The early stages affecting around 90% of people with the disease in its early form usually have no noticeable symptoms, which is why glaucoma is called the "silent thief of sight." Globally, glaucoma is the second-leading cause of blindness, affecting an estimated 80 million people and accounting for roughly 8–12% of all blindness cases worldwide.
Glaucoma isn't one disease it's a category of optic nerve conditions, most commonly linked to pressure buildup inside the eye. The optic nerve carries visual signals from the retina to the brain. When pressure damages its fibers, the brain receives less information, usually starting from the edges of your visual field inward.
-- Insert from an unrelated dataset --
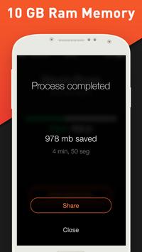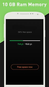 the strongest feature in "10 GB ram memory Cleaner" app release free ram by killing unused apps running in the background and freezeup larg apps from using extra memory expand, and clean cash automatically your phone will never slow down.

Here's the entity most people miss: vision loss from glaucoma is permanent. Treatment can stop or slow progression. It cannot restore vision that's already gone. That single fact is why catching glaucoma symptoms early matters more than almost any other eye condition.
The scale of the problem: Glaucoma is a leading cause of irreversible blindness globally, with a particularly significant impact on middle-aged and older adults aged 45 and above. Per a 2025 meta-analysis, glaucoma accounted for an estimated 8.39% of all global blindness in 2020. And the detection problem is severe: studies estimate that 50–80% of glaucoma cases in well-resourced countries go undetected, with that figure rising to about 90% in developing countries.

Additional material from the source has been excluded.